その階段の、直ぐ隣のスナックの中から、声が聞こえてきた。
――――ぇえ?
俺は、覗きこんだ。
女の子の声が響く。
「いらっしゃーーい」
続いて、別の女性の声が。
「いらっし…………あ…ああああああああああああああああああああああああ」
カナだ。
カナが、そのスナックのカウンターの中に、いた。
俺は、茫然と立ちすくんでしまった。
カナの手招きにより、俺は、俯きながら入って行き、カウンターの端に座った。カナもカウンターから出てきて、隣に腰を降ろす。
とても照れくさかった。それこそ初恋の人と偶然遇ってしまった時のように。
その照れくさいような、恥ずかしいような気持ちを、カナに知られたくなくて、俺は、チェーンスモーカーのようにタバコを吸い続けた。
スコッチを1本、2人で空にした。
カナは、そのスナックのママだった。

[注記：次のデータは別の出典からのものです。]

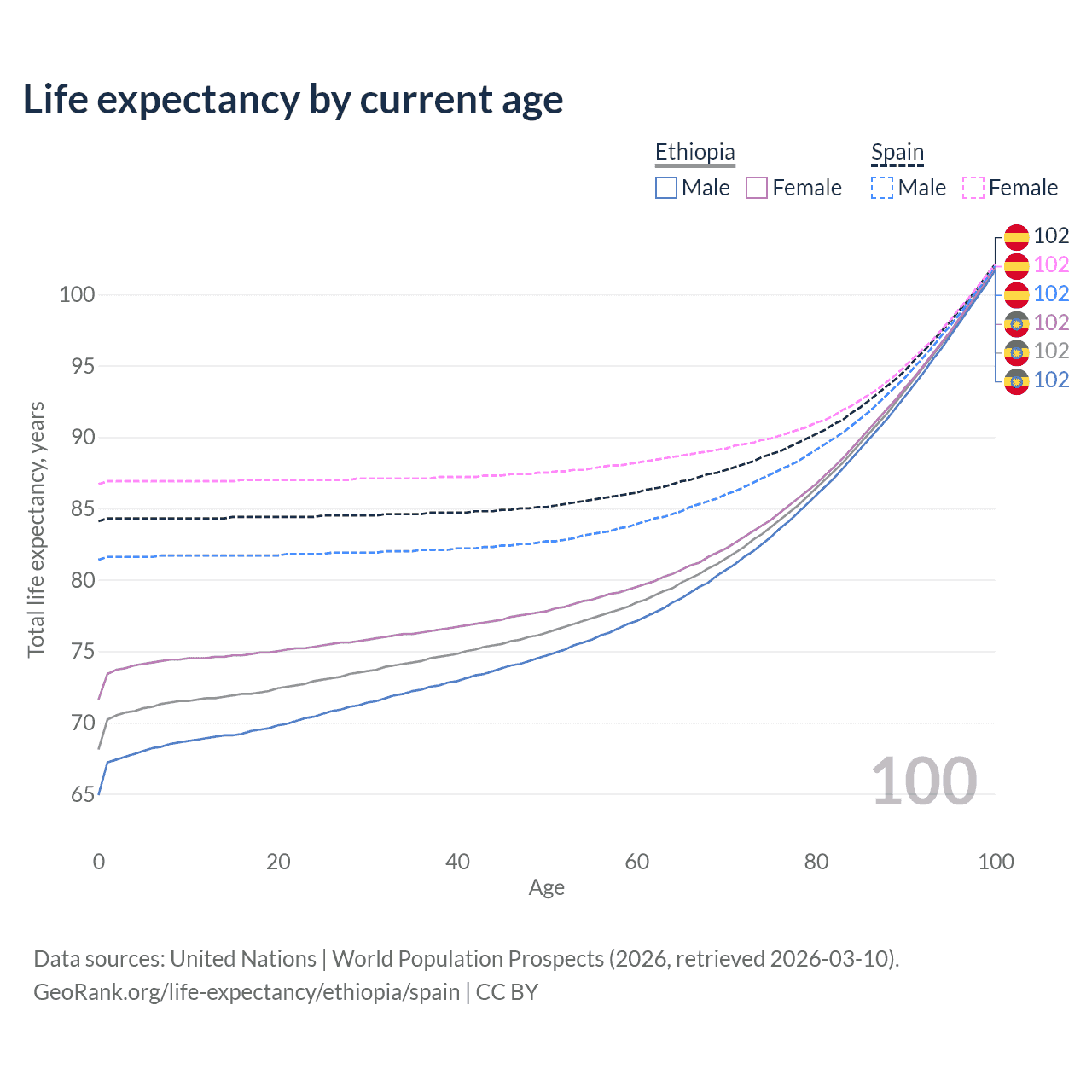 This life expectancy calculator shows the odds of living to 100, 95, 90, and below based on current age for both males and females in Ethiopia and Spain, along with mean and median age of death. The calculations are based on the 2026 life tables (actuarial tables) from the UN World Population Prospects.
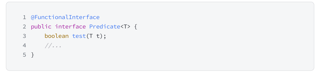 Predicate 是 Java 8 提供的一个函数式编程接口,接收一个参数返回一个布尔值,用于条件过滤,请求参数的校验。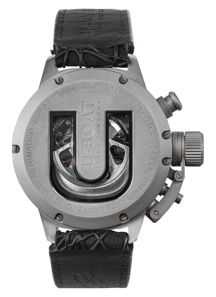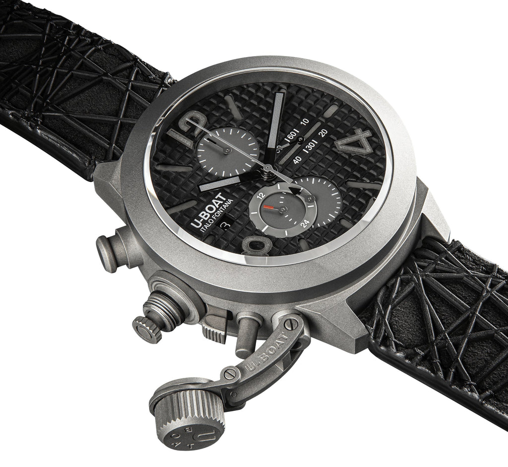 A symbol of balance between innovation and tradition, the Classico 45 collection's every detail oozes with modern refinement, while respecting a classic and timeless design. This Classico 45 chronograph is a limited edition of only 299 pieces and features a 45 mm titanium case that holds a mystical black metal dial with a waffle pattern and three superimposed layers under a scratch-resistant sapphire crystal and bordered on by a matte-finished tungsten bezel. It has black and luminescent hands with indices and Arabic numerals at the 4, 8 and 12 o'clock as hour markers, all treated with gray Super-LumiNova®. This "Destro" (right-handed) gents' sports chronograph watch is also equipped with a lefty crown, highly distinctive with its "canteen watch" inspired crown protective cap and lever with patented crown extraction system between the 8 and 9 o'clock positions, a discreet date aperture and a 24-hour indicator with a red hand. Chronograph functions include a central chronograph seconds hand, linear subseconds, and counters for 30 minutes and 12 hours. On the right side of the case is a fixed plate with its serial number while a similar plate etched with "TUNGSTENO" is situated at the 6 o'clock position. Fitted with a black Alcantara® rubber strap with a leather lining and secured by a titanium signed buckle. This watch also features a screw on exhibition caseback sealed shut by 7 external screws with a U-shaped sapphire window showcasing the Sellita caliber SW 500, a Swiss automatic chronograph movement personalized to U-Boat specifications, beating at 28,800 vibrations per hour generating up to 62 hours of power reserve and is water-resistant up to 100 meters/330 feet.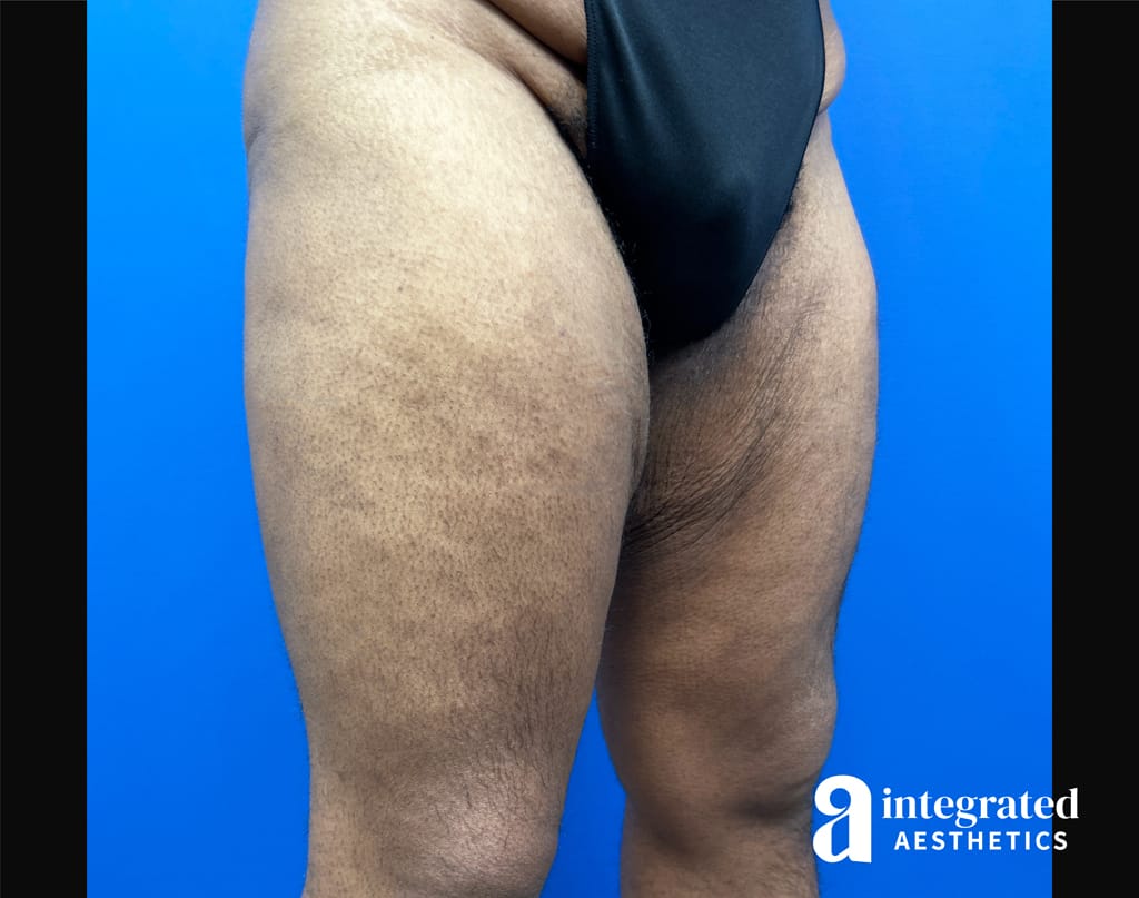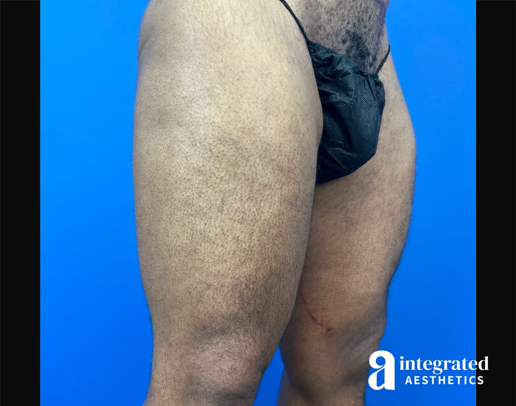 The patient is a 28-year-old male who had concerns with the appearance of his thighs. To address these concerns, Dr. Climov performed a thigh lift. The after results are 4 months post-procedure.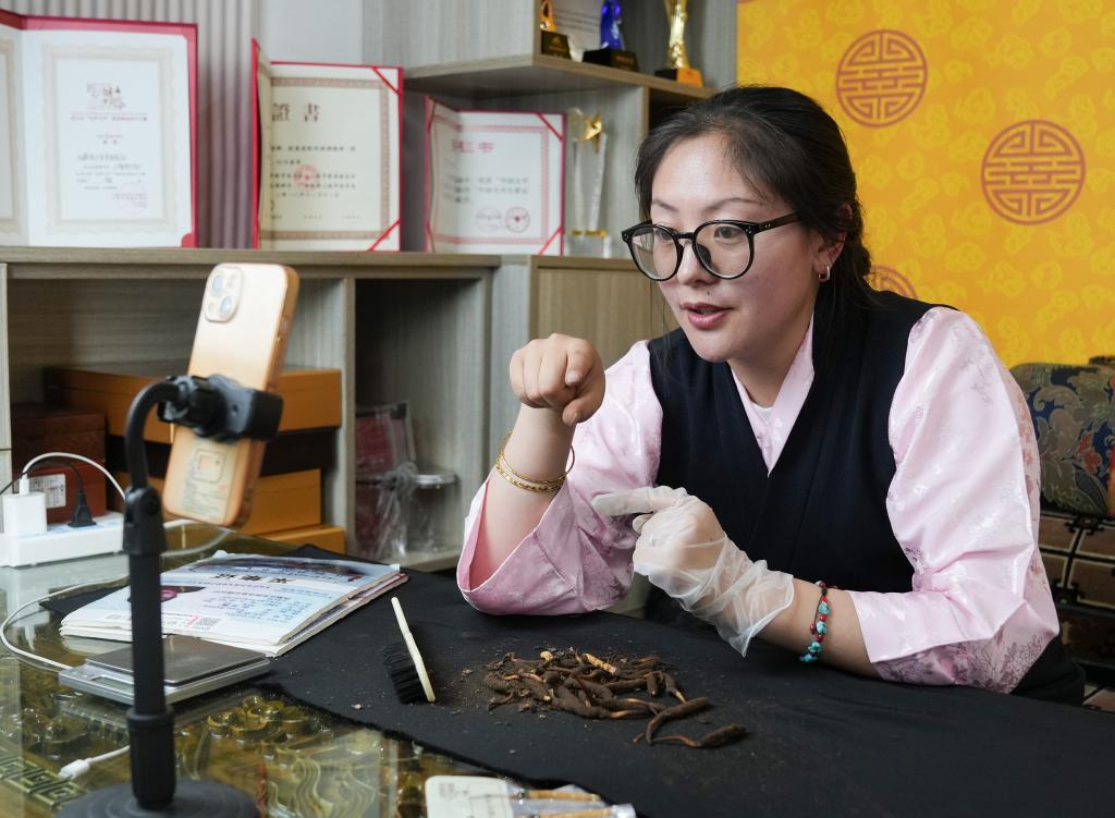 在夢(mèng)譽(yù)蟲(chóng)草產(chǎn)業(yè)帶直播基地,羅拉的妻子次仁白吉在直播帶貨(5月31日攝)。新華社記者丁汀 攝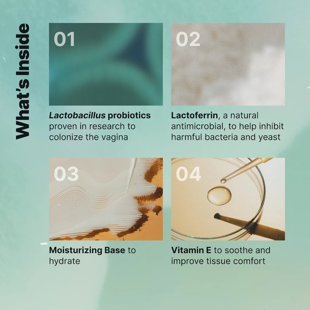Formulated with a proprietary blend of multiple clinically-studied probiotics (like Lactobacillus crispatus) and enhanced by lactoferrin, a powerful antimicrobial that helps control unwanted bacteria and yeast.

それも、オーナー兼ママ。
――――アイスキャンディーを、子供のように咥えていたカナが……オーナーか…
妙に嬉しかった。
2年間くらい、カナと時間を共有してた頃が懐かしかった。不思議な関係のまま、互いに20代の前半を彷徨っていた頃。
相変わらず、大きな目で、俺の目を覗きこんでくるカナ。どんなに飲んでも、俺は、口が滑らかにならず、そのうち、告白していた。
「10年前、カナの事……大好きだった」
「知ってたよ。なんで、もっと大胆に誘わなかったの?」
「うん…なんでだろうな……きっと、怖かったんだと思う」
「怖い?…アタシが?」
「違うって。あの店の…ママが」
「ふ~~ん。分かるようで、よく、分かんないけど」
「全部を、見られてるって…俺、感じてた」
「あ~、確かに、霊感、メチャ強かったもんね。でも、なんで?…見られて、都合、悪い事あった?アタシを騙そうとしてたとか?キャハハハハハハハハハハハハハ」
カナのハスキーな笑い声が、店に響いてた。
「……ようは、俺が、まだガキで、ヘタレだったって事かな……」
1度だけ、カナの目線が、俺の左手の薬指に走っていた。それ以降は1度も見ない。話題も、そこに触れようとはしない。「でもね、絶対に、また逢えるって分かってた。私も、ちょっとだけ霊感あるんだよ。言ってなかった?」と、微笑んでいた。
カナと2人で、身体を寄せ合い、腕を組みながら店を出た。外に出た途端、互いに笑い出してしまった。
かなり飲んだせいなのか、再会にテンションが上がっていたせいなのか。とにかく、止める事が出来ない、笑いの衝動。
2人そろって身を屈めたり仰け反らしたり、目を際限まで見開き、大口を開けながら、互いを指差しながら、長い時間、身体を捩りながら笑い狂っていた。
外は陽が昇り、明るかったのだ。それが、やたらと笑えてしまった。
俺は覚えていた、あの頃の全部を。カナも同じだったらしい。
そんな狂ったような2人の前で、1台のタクシーが、我慢強くドワを開けたままで待っていた。
俺だけをタクシーに押し込み、笑顔で、手を振りながら見送っているカナ。